Yongcheng Coal’s default on its ultra-short-term bond came as a surprise as the SOE received the highest possible rating from China Chengxin International Credit Rating Co. Ltd. last month.
Since the default on Nov. 10, the NAFMII has launched investigations not only into the Henan province-based SOE, but also into intermediaries that facilitated the issuance of its bonds, including several lead underwriters, the ratings agency and an accounting firm, to find out whether they committed wrongdoings. Knowledgeable sources told Caixin that possible wrongdoings include debt evasion, financial fraud, false ratings and false information disclosure.

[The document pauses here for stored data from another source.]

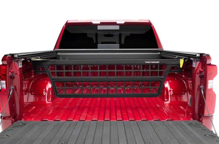 Robust Design and Functionality. Crafted with precision and durability in mind, the Cargo Manager boasts a robust construction that promises longevity. Its operation is simplified with a single control point on the driver’s side, featuring an easy-to-squeeze lever for quick unlocking and repositioning. The divider glides effortlessly along the truck bed, locking securely into place as needed. With the Cargo Manager, secure and efficient cargo management is now within easy reach.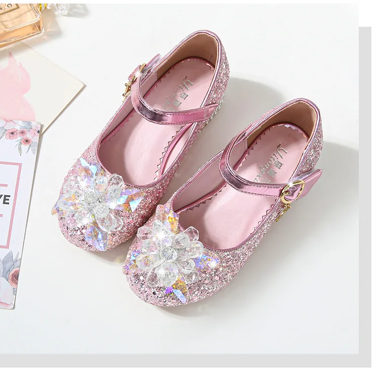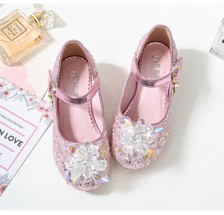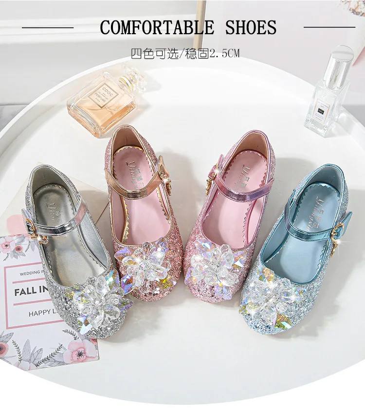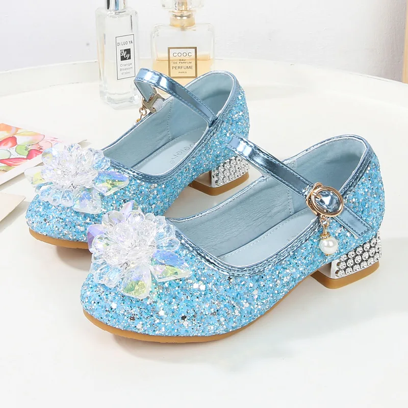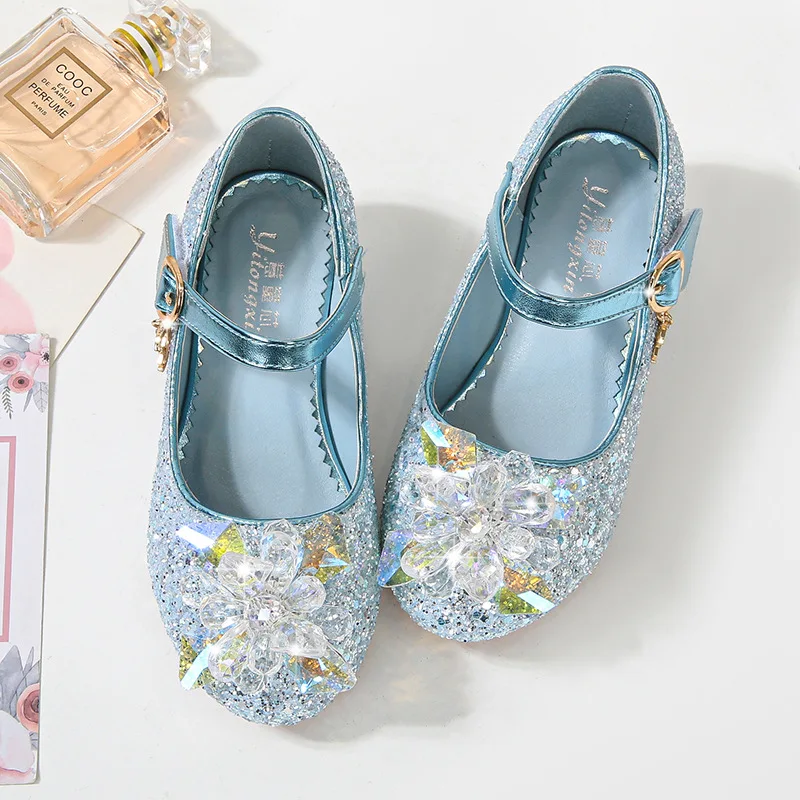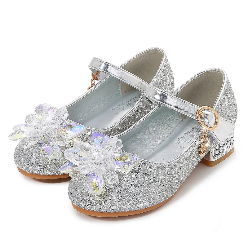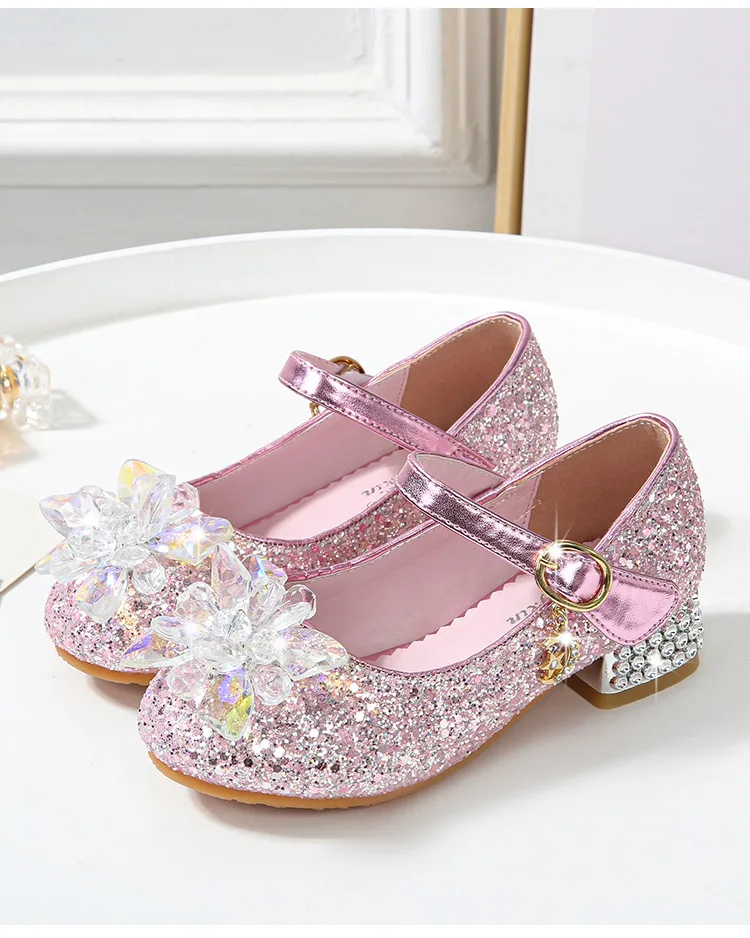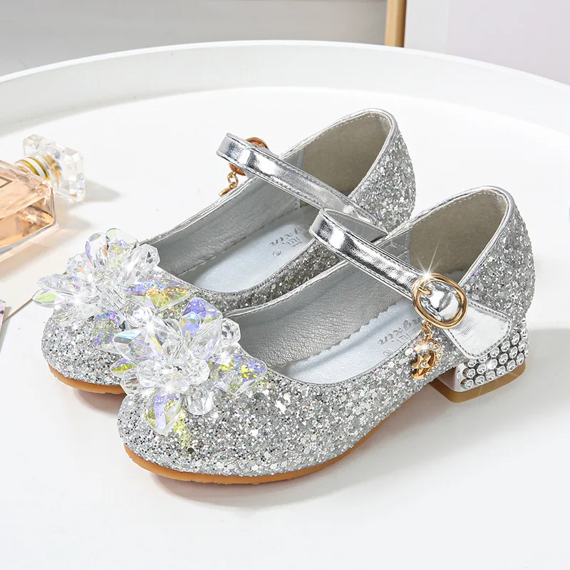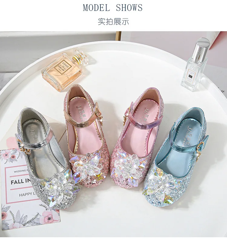 Kids Causal Shoes Wedding Party Children’s High Heels Princess Shiny Crystal Flower Girls Leather Shoes Pink Blue Sliver 23-38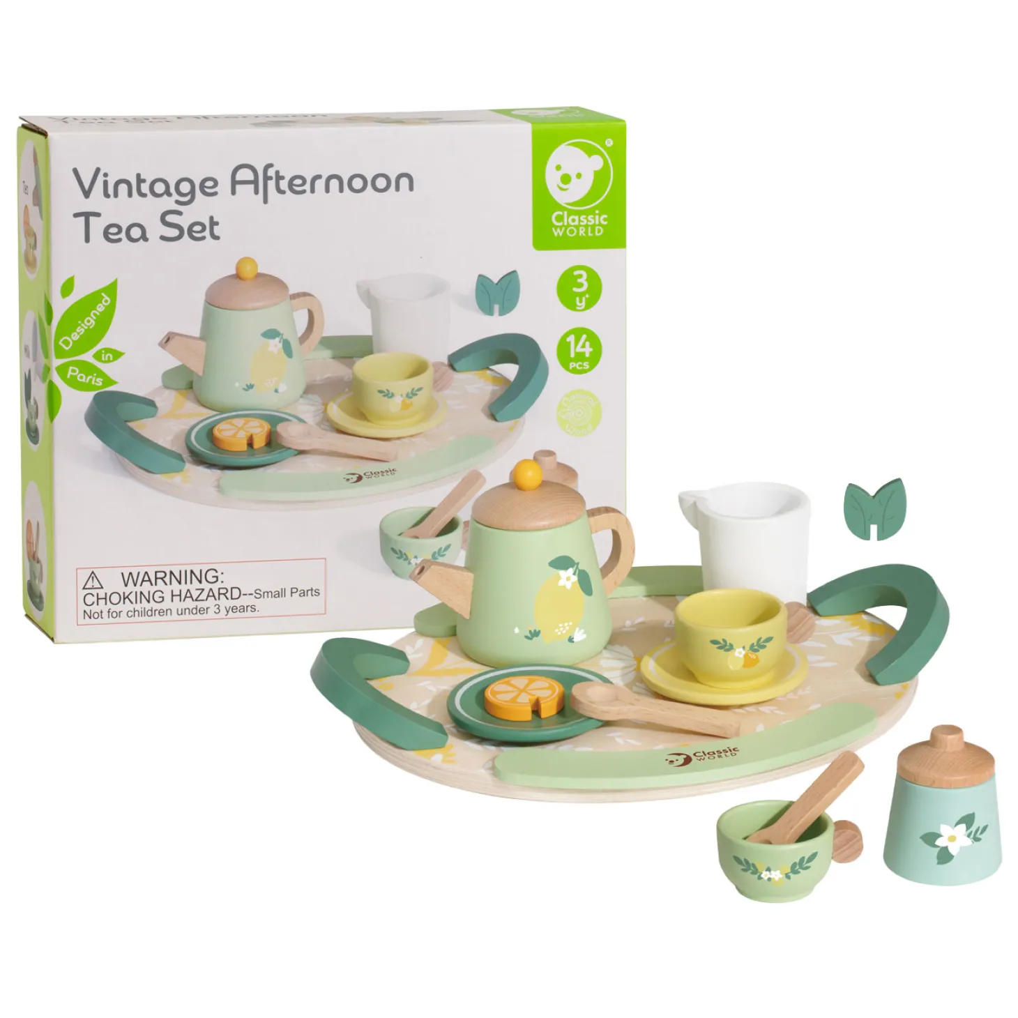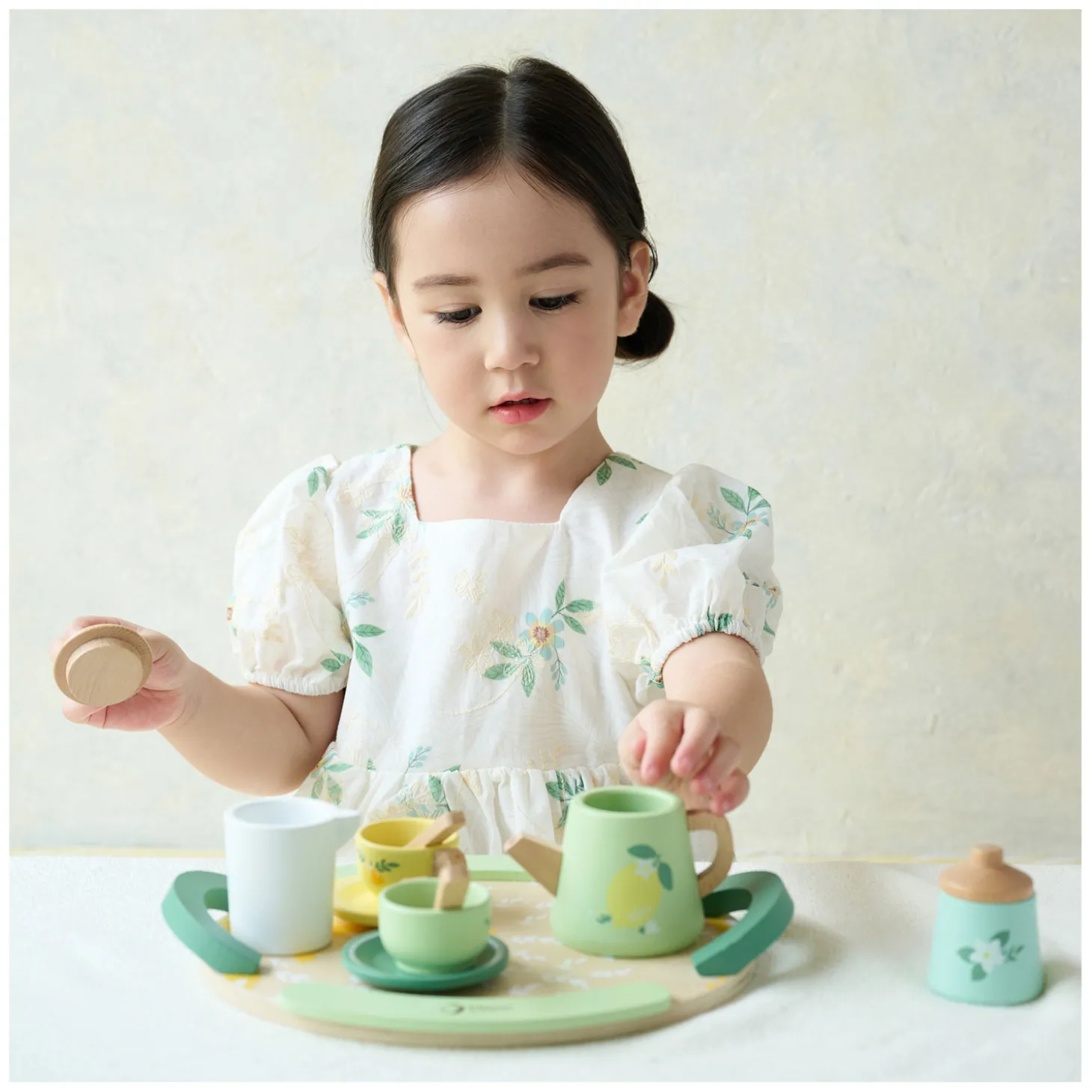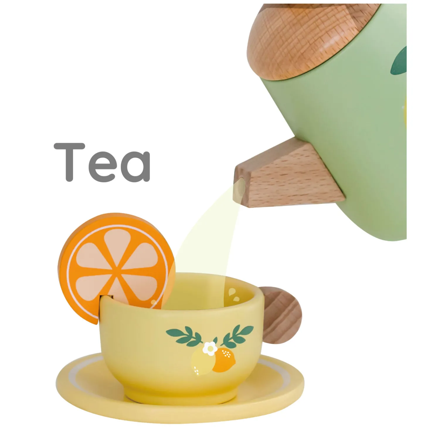 Gemaakt van robuust en duurzaam hout. Afmetingen: 27,5 x 22,4 x 9,2 centimeter. De theeset is geschikt voor kinderen vanaf 3 jaar oud.

The country’s top financial regulator, the Financial Stability and Development Committee (FSDC), on Saturday vowed to strictly investigate any bond issuer suspected of rule violations including fraudulent issuances, disclosure of false information, malicious transfer of assets, and embezzlement of bond issuance funds. The FSDC is a cabinet-level body under the State Council that oversees various agencies supervising China’s financial sector.
NAFMII said that it would punish Yongcheng Coal, without giving details of the company’s wrongdoings. The regulator also said that it has launched an investigation into the coal miner’s parent, Henan Energy and Chemical Industry Group Co. Ltd., after finding its potential violations.
Yongcheng Coal was able to win itself more time to repay its debt when it persuaded bondholders earlier this week to accept a 50% repayment of the 1 billion yuan principal first and nine-month extension on repayment of the rest.
The extension enables the company to avoid triggering cross defaults on 15 billion yuan of its own bonds and 11.5 billion yuan of debt issued by its parent.